Exercise instructions: Every entry below should be written out exactly, and no image should appear.

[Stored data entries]
"""

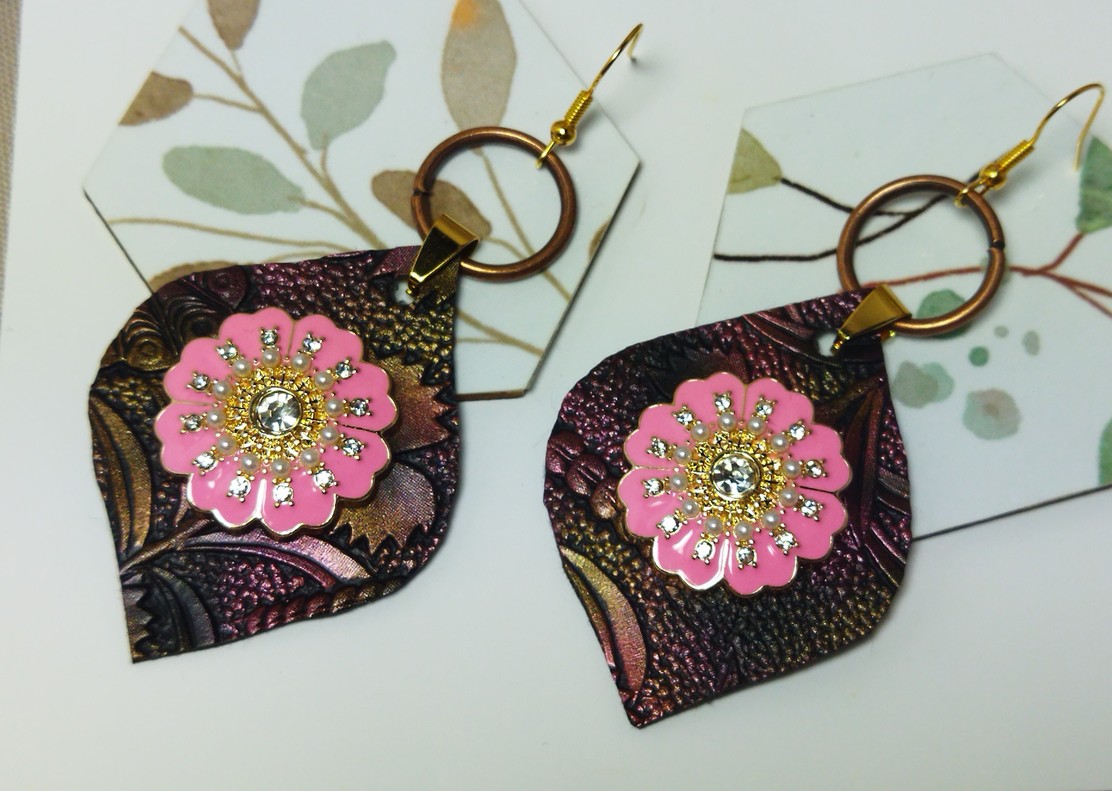 Allez vous résister à ces jolies boucles d'oreilles pendantes ornées d'un bouton fantaisie rose strass, reposant sur un tissu en simili cuir aux reflets changeants mauves avec motifs en relief.
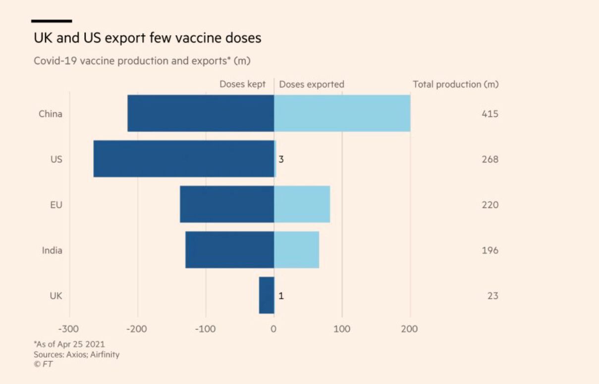 jetzt pro Woche. Und da wir wissen, das Biontech in Marburg zirka 60 Mio Dosen monatlich produzieren kann sagt mir das, das Biontech jetzt auch 30 Mio Dosen aus Marburg in alle Welt liefert. Und die Dosen aus Fertigung Mainz und Idar-Oberstein kommen noch Top dazu.
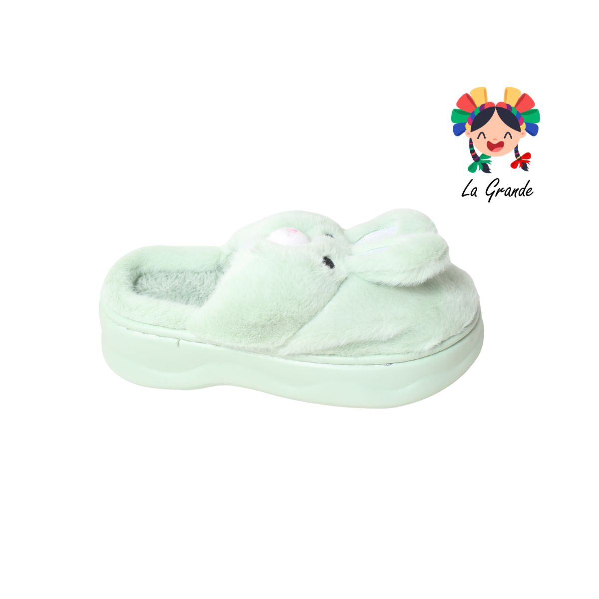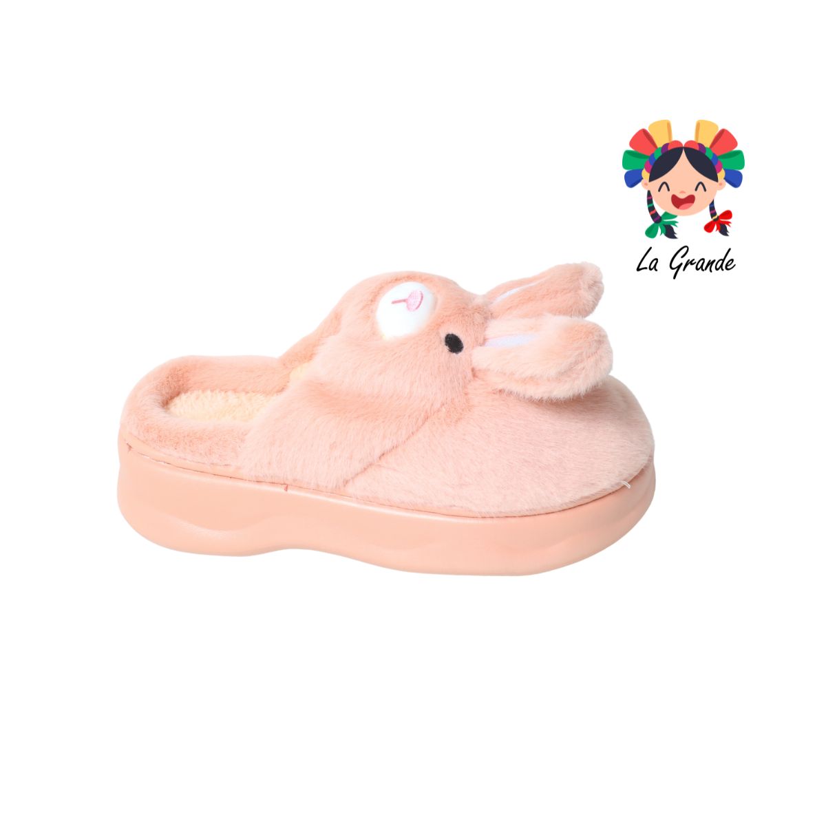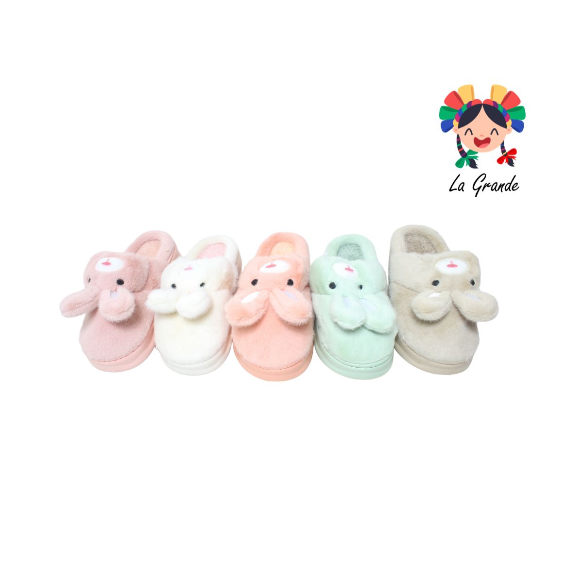 Pantuflas para dama estilo conejito, disponibles en combinaciones de colores rosa-blanco, verde, rosa, naranja y café. Suaves y acogedoras, perfectas para mantener tus pies cómodos con un diseño tierno.
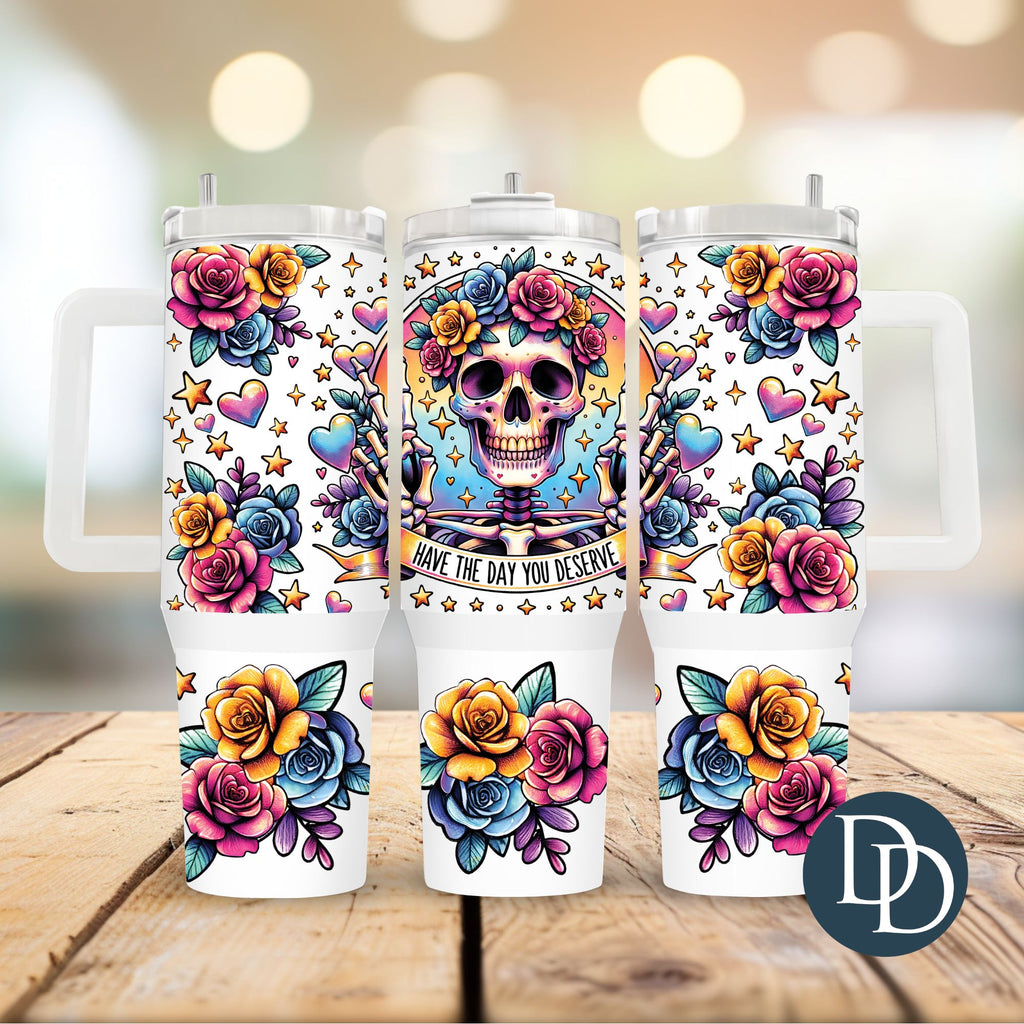 Skelly Day You Deserve Flower Hearts *UV DTF 40oz Tumbler Wrap*
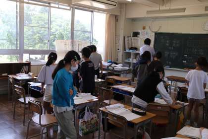 1限、5-2は算数「倍数と約数」の学習。「偶数+偶数は」を追究課題に学習しました。奇数+奇数は偶数になることを確かめた児童は、偶数+偶数の場合はどうなるのか考えました。意見交換の時間には、ノートに書いた自分の考えを多くの友だちに伝えていました。
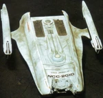 George and Goodman embellished the model by endowing the ventral side with several add-ons that had their origins in AMT/Ertl Star Trek model kits. So did the model feature two nacelle caps with Bussard collectors of the Enterprise-D model kit (No. 6619) as well as warp nacelle from the Romulan warbird model kit (No. 6858). Unfortunately for them, no dorsal views were seen of their model in the movie, though the tips of the Enterprise Bussard collectors were.
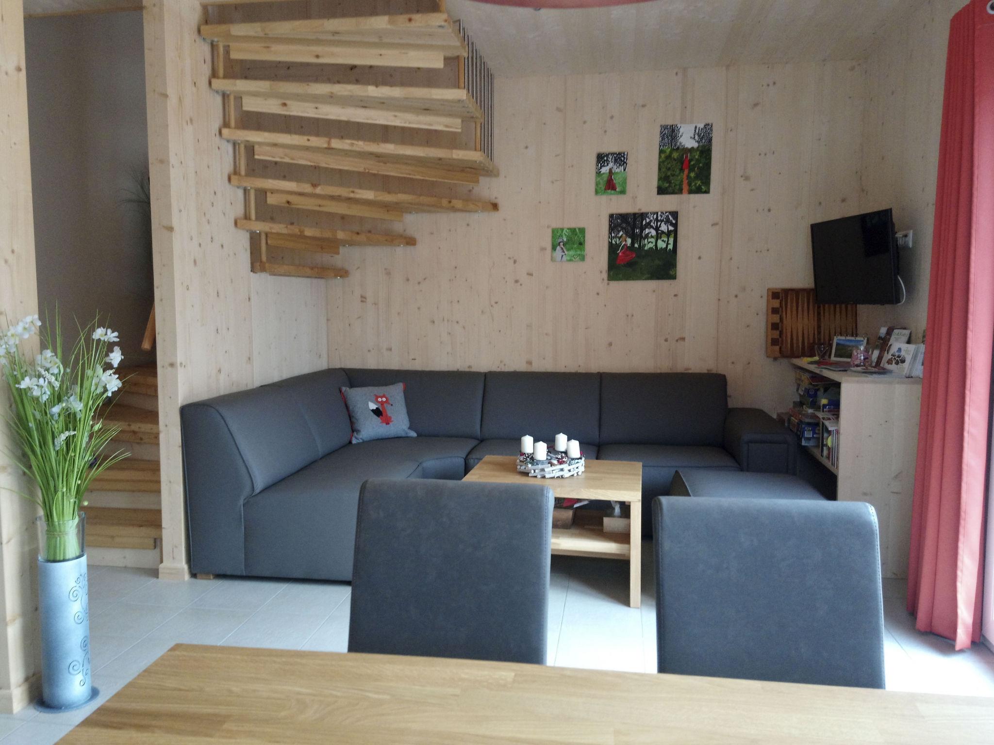 "Superior 48 mit IR Sauna", 4-room house 70 m2 on 2 levels. Bright, comfortable and tasteful furnishings: living/dining room with dining table, satellite TV, flat screen and gas heater. 2 double bedrooms. Open kitchen (oven, dishwasher, 4 ceramic glass hob hotplates, microwave, electric coffee machine). Bath/WC. Wooden floors. Balcony or small terrace. Terrace furniture. Very beautiful view of the mountains and the countryside. Facilities: sauna. Internet (WiFi, free). Parking at the house. Please note: non-smoking house.

"""

Problem solution:
 Allez vous résister à ces jolies boucles d'oreilles pendantes ornées d'un bouton fantaisie rose strass, reposant sur un tissu en simili cuir aux reflets changeants mauves avec motifs en relief.
 jetzt pro Woche. Und da wir wissen, das Biontech in Marburg zirka 60 Mio Dosen monatlich produzieren kann sagt mir das, das Biontech jetzt auch 30 Mio Dosen aus Marburg in alle Welt liefert. Und die Dosen aus Fertigung Mainz und Idar-Oberstein kommen noch Top dazu.
 Pantuflas para dama estilo conejito, disponibles en combinaciones de colores rosa-blanco, verde, rosa, naranja y café. Suaves y acogedoras, perfectas para mantener tus pies cómodos con un diseño tierno.
 Skelly Day You Deserve Flower Hearts *UV DTF 40oz Tumbler Wrap*
 1限、5-2は算数「倍数と約数」の学習。「偶数+偶数は」を追究課題に学習しました。奇数+奇数は偶数になることを確かめた児童は、偶数+偶数の場合はどうなるのか考えました。意見交換の時間には、ノートに書いた自分の考えを多くの友だちに伝えていました。
 George and Goodman embellished the model by endowing the ventral side with several add-ons that had their origins in AMT/Ertl Star Trek model kits. So did the model feature two nacelle caps with Bussard collectors of the Enterprise-D model kit (No. 6619) as well as warp nacelle from the Romulan warbird model kit (No. 6858). Unfortunately for them, no dorsal views were seen of their model in the movie, though the tips of the Enterprise Bussard collectors were.
 "Superior 48 mit IR Sauna", 4-room house 70 m2 on 2 levels. Bright, comfortable and tasteful furnishings: living/dining room with dining table, satellite TV, flat screen and gas heater. 2 double bedrooms. Open kitchen (oven, dishwasher, 4 ceramic glass hob hotplates, microwave, electric coffee machine). Bath/WC. Wooden floors. Balcony or small terrace. Terrace furniture. Very beautiful view of the mountains and the countryside. Facilities: sauna. Internet (WiFi, free). Parking at the house. Please note: non-smoking house.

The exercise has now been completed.